RAW DATA -
+===+
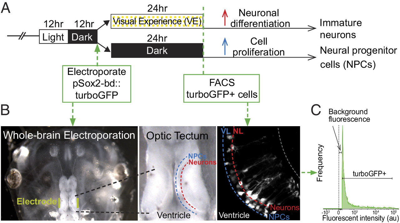 Isolation of neural progenitor cells and immature neurons from the optic tectum. (A) Visual experience paradigm used to enrich for NPCs and immature neurons. Animals were reared in 12 h light/12 h dark until stage 46 when the midbrain was electroporated with pSOX2-bd::tGFP plasmid. After electroporation, animals were randomly divided into two groups, one exposed to enhanced visual experience (VE) for 24 h. (B) Whole brain electroporation labels NPCs and neurons in the optic tectum. Left: Image of the head of the tadpole with electrodes (yellow) on each side of the optic tectum. Middle: Dorsal view of the optic tectum. The ventricle, NPC layer, and neuronal layer are labeled. Right: in vivo 2-photon image of tGFP-labeled NPCs and neurons in the ventricular layer (VL) and neuronal layer (NL). (C) Fluorescence histogram indicates the gate setting of the fluorescence-activated cell sorting (FACS) to isolate tGFP+ cells. Control is set to the background fluorescence from nonelectroporated midbrain cells.
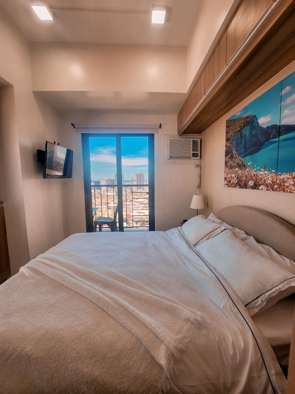 Comfy, accessible, and aesthetic condo studio unit near Mactan Cebu International Airport 24 sqm condo unit with balcony Oceanview with Queen-sized bed • can fit 4-6 pax • extra foam mattress and extra blanket provided • free pool access for 2, paid parking inside Bathroom with: • shower, heater, bidet • shampoo | conditioner | body gel provided • towels Entertainment • 200 mbps internet connection • 1080p 4K Smart Projector with surround sound • Mini karaoke • Card and board games
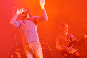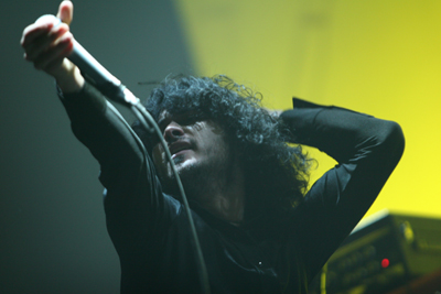 マーズ・ヴォルタが複雑になるのをあざ笑うかのようにカサビアンは〈これがダンス・ミュージックだ、これがロックだ〉とシンプルに攻撃してくる。ほとんどスネアーの音しか聴こえてこない。しかしこれが客を踊らせ、興奮させる。CDで聴こえる音のカオスを、このハードなスネアー音だけが見事に統一させている。エレクトリック・ミュージックの老舗イギリス、歴史のなかから自分たちの答えを見つけているんだろうな。揺れないビートのなか、レジスタンスのようなかっこいいメンバーがクールに暴れる。イギリスでクリスタル・パレス2日間2万人をあっというまにソールド・アウトした訳がよくわかった。
+===+
TASK DETAILS -
Keep the pictures out and repeat exactly the lines from the beginning of the data through the line that contains "Comfy, accessible, and", both ends included.

ANSWER BOX -
 Isolation of neural progenitor cells and immature neurons from the optic tectum. (A) Visual experience paradigm used to enrich for NPCs and immature neurons. Animals were reared in 12 h light/12 h dark until stage 46 when the midbrain was electroporated with pSOX2-bd::tGFP plasmid. After electroporation, animals were randomly divided into two groups, one exposed to enhanced visual experience (VE) for 24 h. (B) Whole brain electroporation labels NPCs and neurons in the optic tectum. Left: Image of the head of the tadpole with electrodes (yellow) on each side of the optic tectum. Middle: Dorsal view of the optic tectum. The ventricle, NPC layer, and neuronal layer are labeled. Right: in vivo 2-photon image of tGFP-labeled NPCs and neurons in the ventricular layer (VL) and neuronal layer (NL). (C) Fluorescence histogram indicates the gate setting of the fluorescence-activated cell sorting (FACS) to isolate tGFP+ cells. Control is set to the background fluorescence from nonelectroporated midbrain cells.
 Comfy, accessible, and aesthetic condo studio unit near Mactan Cebu International Airport 24 sqm condo unit with balcony Oceanview with Queen-sized bed • can fit 4-6 pax • extra foam mattress and extra blanket provided • free pool access for 2, paid parking inside Bathroom with: • shower, heater, bidet • shampoo | conditioner | body gel provided • towels Entertainment • 200 mbps internet connection • 1080p 4K Smart Projector with surround sound • Mini karaoke • Card and board games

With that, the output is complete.